Are the 8 Maxwell's equations enough to derive the formula for the electromagnetic field created by a stationary point charge, which is the same as the law of Coulomb
$$ F~=~k_e \frac{q_1q_2}{r^2}~? $$
If I am not mistaken, due to the fact that Maxwell's equations are differential equations, their general solution must contain arbitrary constants. Aren't some boundary conditions and initial conditions needed to have a unique solution. How is it possible to say without these conditions, that a stationary point charge does not generate magnetic field, and the electric scalar potential is equal to
$$\Phi(\mathbf{r})=\frac{e}{r}.$$
If the conditions are needed, what kind of conditions are they for the situation described above (the field of stationary point charge)?
Best Answer
The short answer is yes, and in fact you only need one single Maxwell equation, Gauss's law, together with the Lorentz force, to get Coulomb's law.
More specifically, you need Gauss's law in its integral form, which is equivalent to the differential form for well-behaved fields because of Gauss's theorem. Thus, you use the law $$ \nabla\cdot\mathbf{E}=\rho/\epsilon_0\quad\Leftrightarrow\quad \oint_S\mathbf{E}\cdot\mathrm{d}\mathbf{a}=Q/\epsilon_0, $$ where $Q$ is the total charge enclosed by the (arbitrary) surface $S$.
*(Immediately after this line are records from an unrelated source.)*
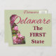 En 1953, la fleur de Pêche a été désignée comme la fleur officielle du Delaware. La Fleur de Pêche symbolise la longévité ou le désir de longue vie, la douceur de la vie et la vie aimante. À la fin des années 1800, les vergers de pêche du Delaware abritaient près d'un million d'arbres de pêche, produisant une récolte de milliers de dollars à l'époque. Bien que la plupart d'entre nous pensent à la Géorgie ou à la Caroline du Sud, à une époque, le Delaware était connu comme l'"Etat de Pêche". Malheureusement, à la fin du 19ème siècle, un fléau de la pêche a provoqué l'effondrement de l'industrie et, au début des années 1900, de nombreux paysans de la pêche ont fait faillite. En Caroline du Nord, nous ne sommes pas si loin au nord que le Delaware et nous avons une vingtaine de pêchers sur la propriété. Ils ont environ cinq ou six ans et nous n'avons pas encore récolté la première pêche. Dans notre coque, de fausses sources entraineraient un bourgeonnement précoce seulement pour qu'un gel subséquent tue tous les fruits en développement. Bien que j'aie encore de l'espoir, j'en suis venu à considérer les nôtres comme des arbres "ornementaux". Mais ce design n'est pas seulement un hommage aux pêches ou à leurs fleurs, il rend également hommage à notre PREMIER Etat, le Delaware. C'est assez distinctif, étant le premier état officiel des Etats-Unis. En termes de taille, le Delaware est le 49ème plus grand (sur 50) ou le 2ème plus petit Etat de l'union. A ses bords extérieurs, le Delaware fait 150 km de long sur 55 de large. Bien que géographiquement petit, le Delaware a donné à ce pays de nombreux cadeaux et de nombreuses personnes célèbres. Bien qu'il soit né en Pennsylvanie, l'ancien vice-président Joe Biden venait du Delaware. Le fils de Bob Marley, Stephen, est né à Wilmington, tout comme l'actrice Elisabeth Shue et l'actrice Valerie Bertinelli. Ce design enchanteur, célébrant le TRÈS PREMIER Etat officiel aux Etats-Unis, offre un aperçu de l'état du Delaware, rempli de leurs fleurs d'état, jolies fleurs de Pêche. Ces cartes postales délicieuses peuvent être achetées avant vos vacances afin que vous ne perdiez pas de temps à les chercher et que vous puissiez vous concentrer sur toute la beauté autour de vous. Paire avec les timbres-poste correspondants pour une présentation encore plus impressionnante.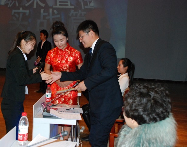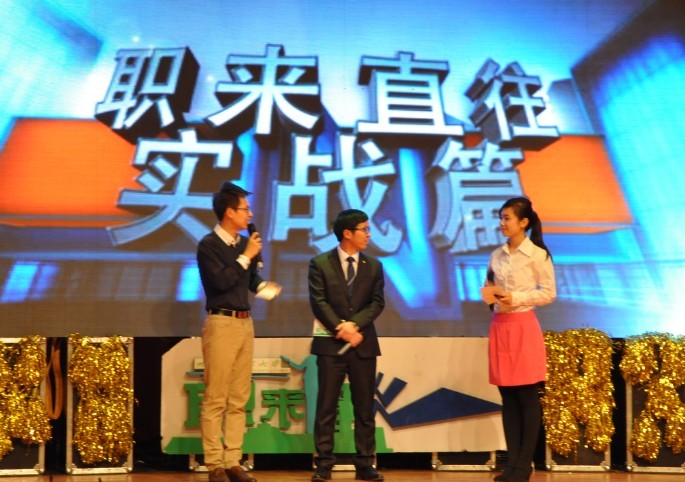 “职来直往”活动通过学院推荐、自由报名、技能培训、岗位对接等几次选拔和培训共100余人参与到活动中,最终遴选出60余名选手进入“职来直往 实战篇”。实战招聘会分为“求职者开场”、“职场零距离”、“职业正能量”和“职面新未来”四个环节,求职者各显其能展示才华与嘉宾互动,各企业代表向选手提问,为求职者提出切实可行的意见,同时每一场招聘会都会聘请专业点评,对选手的突出、共性问题给予建议,使选手的就业技能、职业意识不断提高,也为现场观众增强了专业知识、提升了求职技巧、丰富了招聘实战经验。在经过与企业达人几个小时的直面交流后,共有37位应聘者脱颖而出,最终与心仪企业签约,成功率达到70%。来自商大能源与建筑工程学院的陈传玉以出色的表现赢得了各位企业达人的青睐,并现场与滨才房地产开发集团人力资源总监徐波先生签约。迁安市思文科德金属包装有限公司陈海丰先生在随后的采访中提到,在这次的“职来直往”活动中充分感受到了商大学生的谦虚、好学与上进,希望同学能够充分发挥自身潜能,找到属于自己的岗位。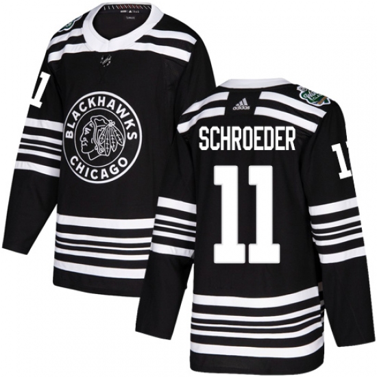 Youth Adidas Chicago Blackhawks #11 Jordan Schroeder Authentic Black 2019 Winter Classic NHL Jersey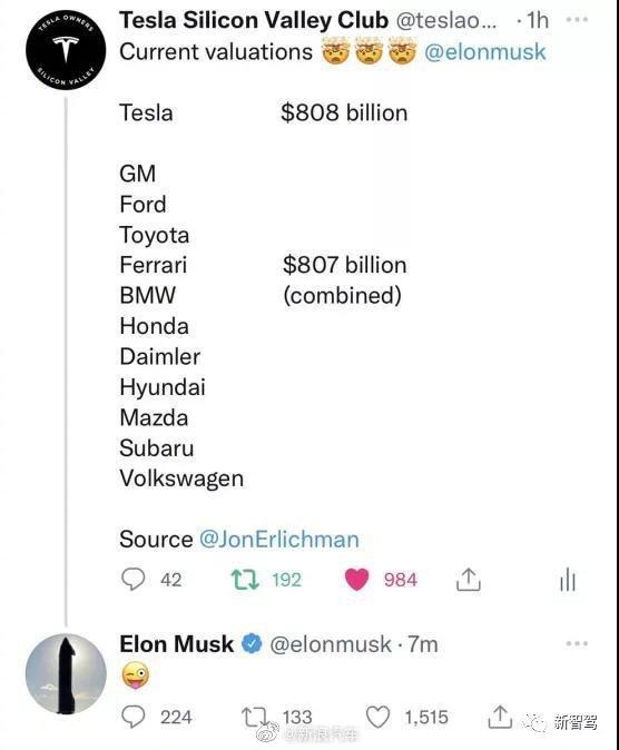 對(duì)于特斯拉的堅(jiān)挺股價(jià),馬斯克也表現(xiàn)的也較為得意。今日,馬斯克轉(zhuǎn)發(fā)了一條推特,其上說(shuō)明,特斯拉當(dāng)前的市值已是豐田、大眾、寶馬、通用等十一家傳統(tǒng)車(chē)企之和。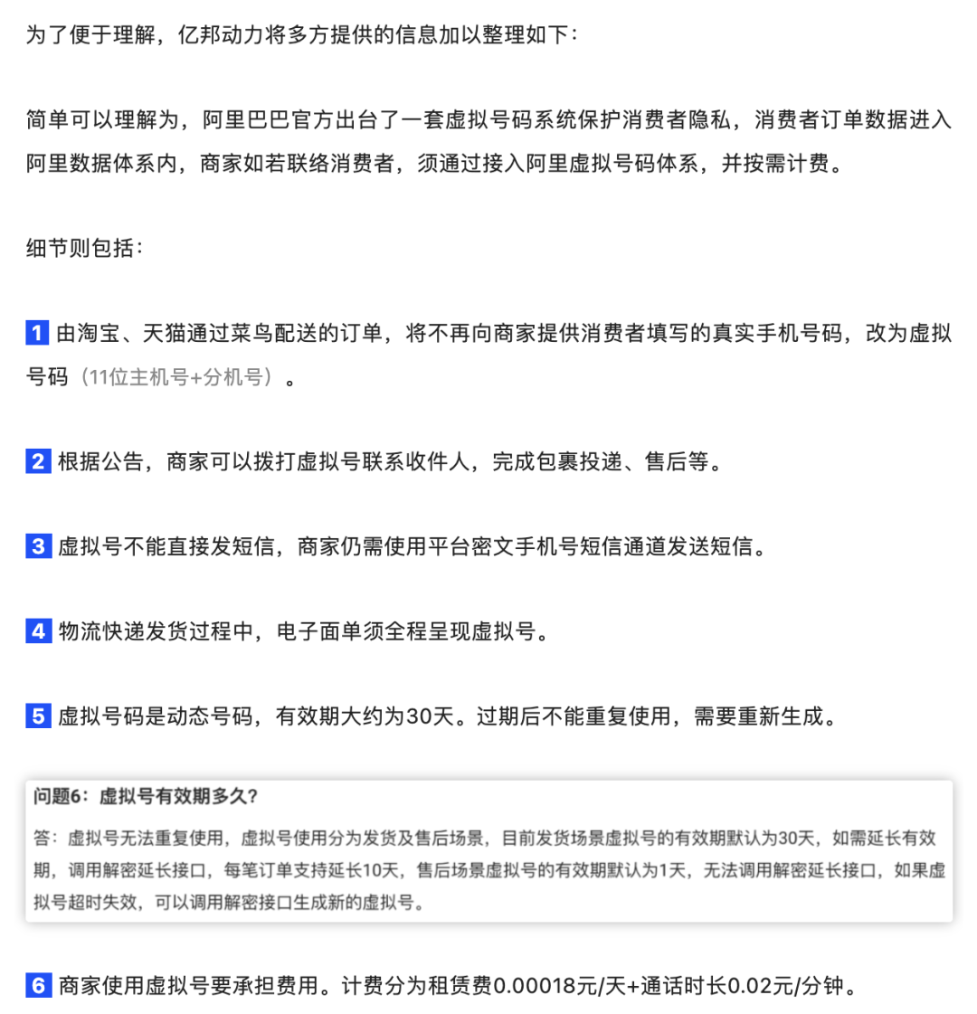据亿邦动力消息,为保护用户隐私,自9月1日起,阿里开放平台会迎来重要升级,将部分被隐藏字段的用户电话,直接替代为虚拟号码。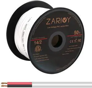 TUOFNEG Low Voltage Landscape Lighting Copper Wire 14/2-50Ft PVC Insulation, 0.33" x 0.165" Diameter 2x14AWG Cord, 176F Rated UL Listed Ideal for Landscape Lighting Projects
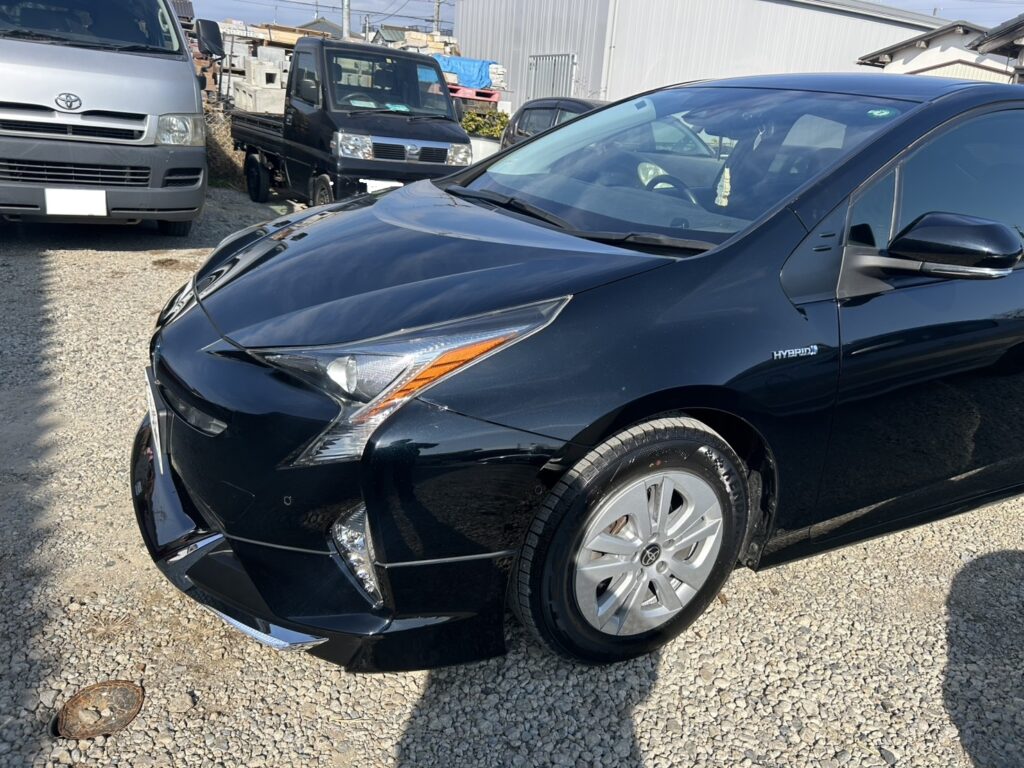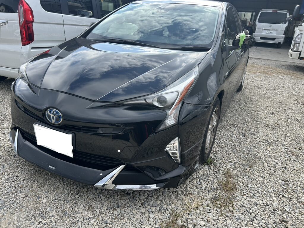 二車線道路での接触事故により、左側面に広範囲な損傷を受けたプリウスの修理事例です。過失割合(当方1:相手9)が絡む保険適用の案件として承りました。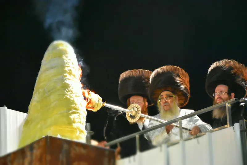 שיאו של המסע ההיסטורי של האדמו"ר מסאטמר בישראל: אלפי חסידי סאטמר מארה"ב אירופה וישראל, משתתפים בשעה זו במעמד הדלקה ענק של האדמו"ר מסאטמר במתחם בויאן בהר מירון, שיאו של המסע שהחל בירושלים וימשיך בשבוע הבא בבני ברק.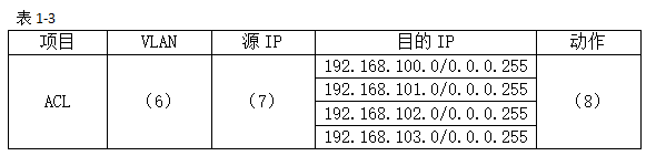 在Switch1上配置ACL禁止访客访问内部网络,将Switch1数据规划表1-3内容中的空缺项补充完整。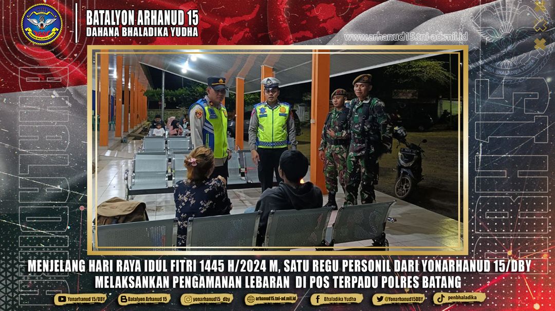 Batang. Menjelang Hari Raya Idul Fitri 1445 H/2024 M, satu regu personil pengamanan lebaran dari Yonarhanud 15/DBY yang dipimpin oleh Sertu Dikmanto ditempatkan di Pos Terpadu Polres Batang untuk membatu kelancaran dan keamanan pemudik yang melintas dijalur tersebut. Senin, 8/4/2024.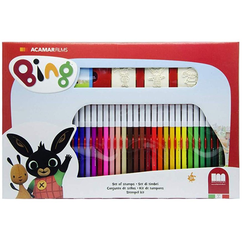 CONFEZIONE IN CARTONE LUNGA 86 CM CONTENENTE 4 TIMBRI IN LEGNO E GOMMA 1 INCHIOSTRO BLUE LAVABILE 30 ADESIVI 1 ALBUM DA TIMBRARE E COLORARE 60 PENNARELLI GIOTTO TURBO COLOR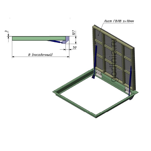 - Съемная ручка под четырехгранную личинку замка.
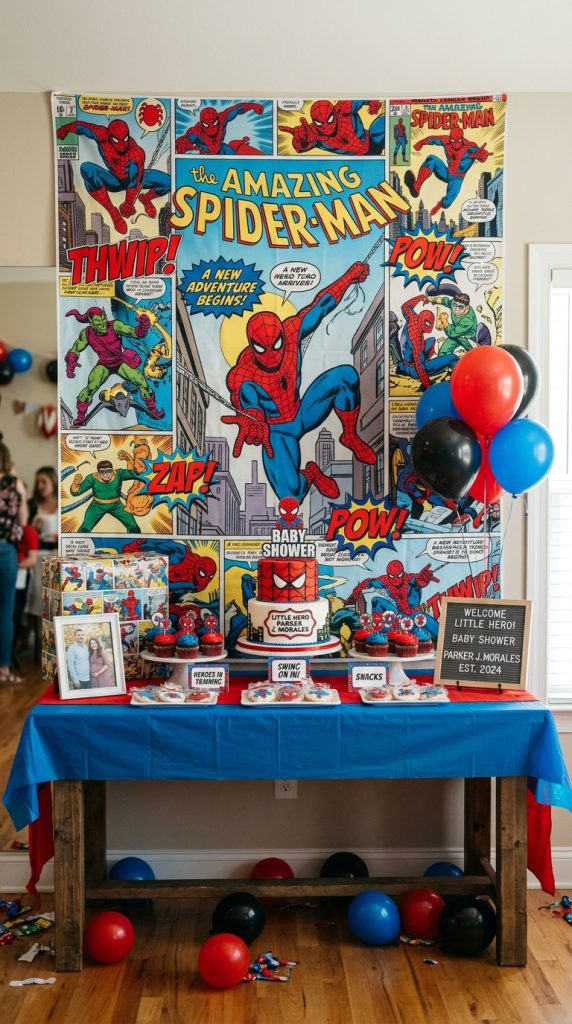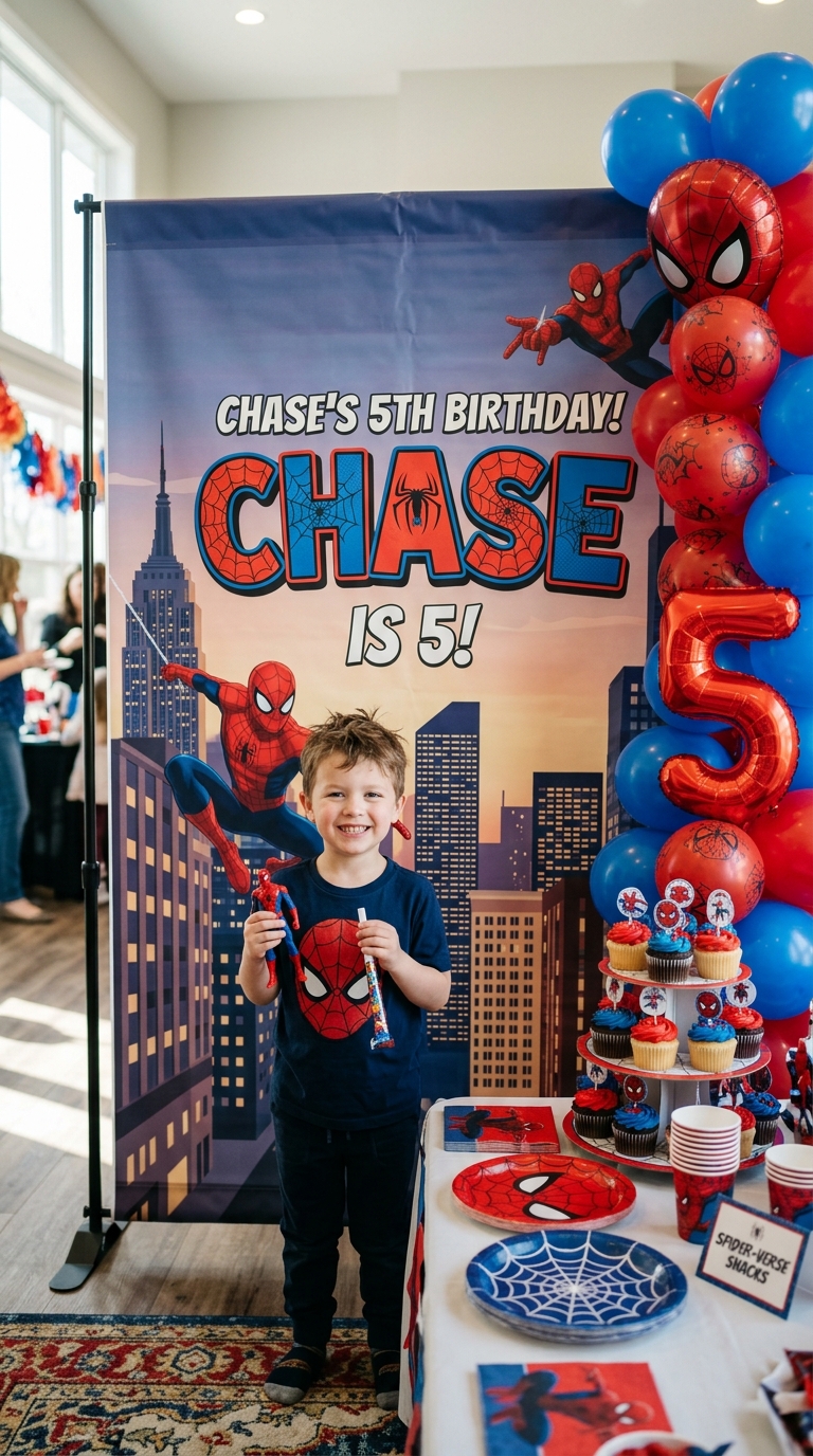 This backdrop style also pairs perfectly with Spiderman party ideas designed specifically for girls who love the web-slinger, making it an empowering and stylish choice for any young fan.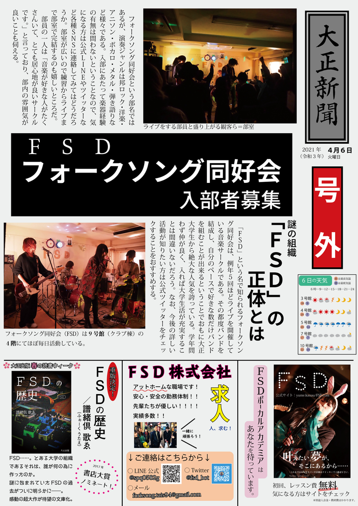 私は高校入学の少し前から現在に至るまで、ベースを続けています! それ以前から吹奏楽部でユーフォニウムを担当していたり、小学生の頃にギターを少し弾いていたので、音楽の知識にはかなり自信があります。 音楽はジャンル問わず知識があるので、音楽の話で場を和ませたり、そこから交友関係を築いていくことも得意です! また、楽器は断念する人が多い趣味ですが、5年間も同じ楽器を続けており、”続けること”は得意と言えると思います。 バンドは「方向性の違い」なんかで解散になるケースが多いですが、私はそんな脆い”バンド”という関係性においても、メンバーを一つにまとめてきた経験が多くありますので、グループでの活動にも自信を持っております! 大学では軽音楽系のサークルにも所属し、サークル内では書記として新入生歓迎のポスター等の制作にも携わっており、音楽というただの趣味から、自らのデザイン等のスキルアップにまで繋がっています! 実際に作成したポスターも添付させていただきます。ぜひご覧ください!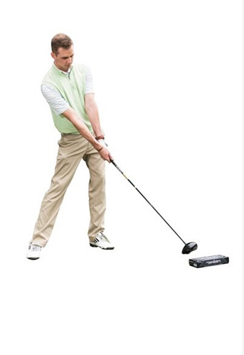 如果你连两个Tee也没有的话,那就在唯一的Tee前方随便摆放一点什么东西吧,比如这个黑色的包装盒,也能起到治愈顽疾的作用,改善你的击球轨迹和击球角度,让球飞得更准更远。
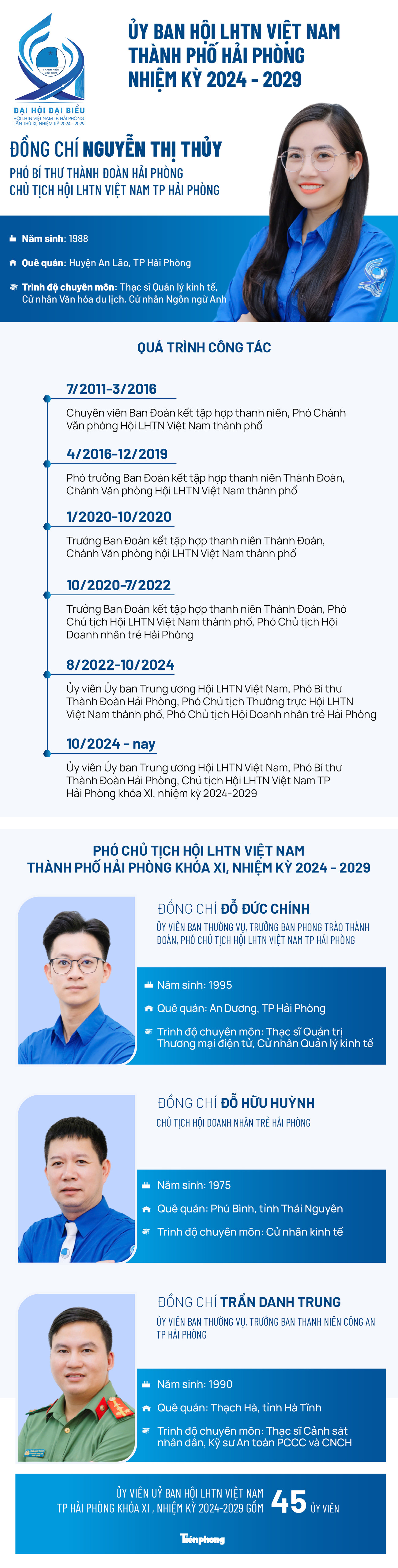 TPO - Chị Nguyễn Thị Thủy – Phó Bí thư Thành Đoàn Hải Phòng, Phó Chủ tịch thường trực Hội LHTN Việt Nam TP Hải Phòng khóa X được chọn cử làm Chủ tịch Hội LHTN Việt Nam thành phố khóa XI, nhiệm kỳ 2024-2029.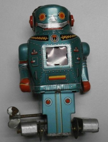 Vintage Tin Litho Wind Up Robot- Japan- 6" Tall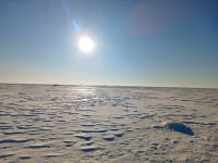 Снега на льду не много, но из за торосов прогулку легкой не назвать. В обозримом пространстве особого клева тоже не было.

To derive Coulomb's law, consider the electric field of a single point particle, with nothing else in the universe. Because of isotropy (which must be added as an additional postulate), the electric field at a sphere of radius $r$ centred on the charge must be radial and with the same magnitude throughout. That means the integral is trivial and the electric field must be $$\mathbf{E}=\frac{Q}{4\pi\epsilon_0 r^2}\hat{\mathbf{r}}.$$
Coupled with Lorentz's force law at zero velocity for the test particle (since Coulomb's law only holds in electrostatics) this yields Coulomb's law.
It is not obvious that this highly symmetric situation can give the general electrostatic force for multiple particles. This follows from the superposition principle, which is very much at the heart of classical electrodynamics, and which can be obtained from the linearity of Maxwell's equations. This gives you the field for a single source; add the fields for all the individual sources and you'll get the field for the collection of sources.